На улице я смотрел на прохожих и думал: они не знают, в каком месте живут, они ни разу не представили себе, что ходят по тропинкам вырубленного дубового леса. Я расскажу им. Нас с удовольствием станет возить по городу знаменитый извозчик Терешка. Может, я и роман назову так: «Извозчик Терешка». Меня встречал профессор истории, веривший только в пятисотрублевый оклад, который он хватал на кафедре ежемесячно, и говорил: «Ну как ваши казачки? Все еще мечтают о возврате?» Я разводил руками. В просторном дворе под тяжелою грушей ответит вам на вопрос о здоровье усатый девяностолетний дед привычным присловьем: «Слава богу, шо мы казаки!» Но что с того?

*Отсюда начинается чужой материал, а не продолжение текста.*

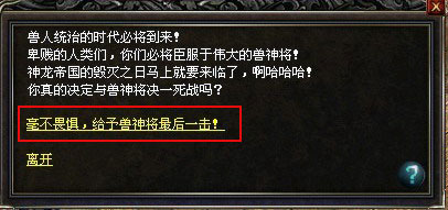 在20点之前不能击杀兽神将,兽神将将消失在异界,等待大家的下次挑战。

Иду как-то в августе из Пашковской: тишина, вечернее благословение над садами, закат — прожит всеми нами еще один день на земле. Иду по тому самому Ставропольскому шляху, на котором сырой ночью распевал молодой Толстопят что-то запорожское и покрикивал порою на извозчика Терешку. Все во мне разрывается от одинокого чувства. Почему я? Почему я, чужой, тамбовский, а не какой-нибудь юный казак живет этим? Неужели выродилась черноморская степная душа? Как странно. И каким образом передалось это мне? Не лучше ли бы мне заглядывать в русские избы? Когда кончается осень и на целые месяцы закрывают окрестности южные дожди, я тоскую, вспоминая наши снега, скованные реки и свое детство.
А без Толстопята, Шкуропатской, Попсуйшапки я тоже теперь не могу вообразить свою жизнь. Были бы у меня еще где-нибудь такие часы?

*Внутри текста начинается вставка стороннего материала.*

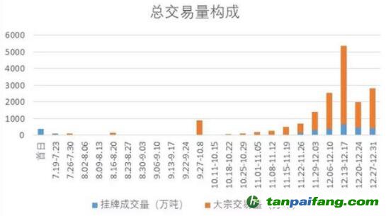 一是價格(掛牌價)較為穩(wěn)定,整體呈不規(guī)則“浴盆”曲線。如圖1,全國碳市場價格整體在40-60元之間,開市首周實現(xiàn)了價格的較快上漲,短暫突破60元,其后1個月內(nèi)價格呈下降趨勢,隨后價格長期維持在43元上下橫盤。橫盤期也是成交量急劇縮量期(如圖2)。進入12月份,隨著履約截止日迫近,成交量快速放量,價格持續(xù)上升。半年周期來看,價格周K圖呈不規(guī)則“浴盆”曲線,平均掛牌價格為47.16元/噸。

Каким волшебным пером описать вечера разговоров, часы каких-то внезапных вдохновений, когда случайно сойдутся давние знакомцы и невзначай увлекутся преданиями, и уже нету этому конца, нету предела желанию вернуться в колыбель навсегда, и даже грусть о потере былой молодости превращается в какое-то редкое счастье? Тут в разговор вперемежку заскочит все: слова исторических деятелей, дорогие имена, свадьбы, похороны, праздники, красивые здания, кто на ком был женат, кто когда умер, и от какой болезни, и какие бывали зимы, наводнения, и сколько, допустим, стоила дюжина стульев. Постороннему (кто помоложе) надо лишь притаиться и жадно слушать. Вечер тянется долго, как тот, когда встретились после сорока лет Толстопят и Попсуйшапка, и неохота вставать, и на душе что-то трогательное, и когда расстаются, то вроде бы что-то теряют, сожалеют, что их элегическое пребывание в раю воспоминаний оборвалось, и такое уж повторится не скоро.

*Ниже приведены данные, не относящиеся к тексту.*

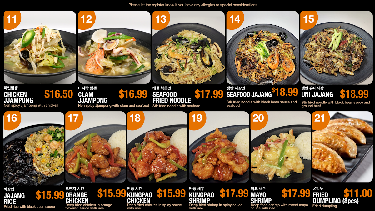 The menu shines with crowd-pleasers such as the jjambbong, a hearty mix of seafood and vegetables that boasts a smoky flavor without overwhelming spice. Diners rave about the chicken jajang, celebrated for its rich, flavorful broth and generous portions—perfect for sharing. For those seeking a unique twist, the Uni Jiajiangmyen offers al dente noodles that are both rich and satisfying, although a bit oily, delivering slurpy goodness in every bite.
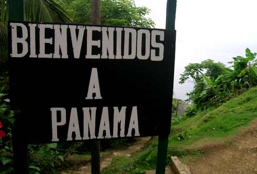Mniej więcej w południe przechodzimy granicę. Na szczycie najwyższego jak do tej pory wzgórza natrafiam (idę pierwszy, Bartosz idzie wolniej za mną) na słupek graniczny i posterunek panamskiej gwardii. Żadnych problemów ze strony mundurowych. Każą wpisać się do grubej księgi. Gdy nadchodzi Bartosz, robi mi zdjęcie na tle znaku "Witamy w Panamie".

Так однажды сошлись четверо: Попсуйшапка, Шкуропатская и чета Толстопятов; себя с Лисевицким я не считаю. Пили чай, а потом Лисевицкий показывал открытки и дореволюционные журналы. Он пришел позже нас, снял у порога ботинки, в носках протопал в комнату, облобызал всех и тотчас вспотрошил своей крикливостью тихую, рассудительную беседу.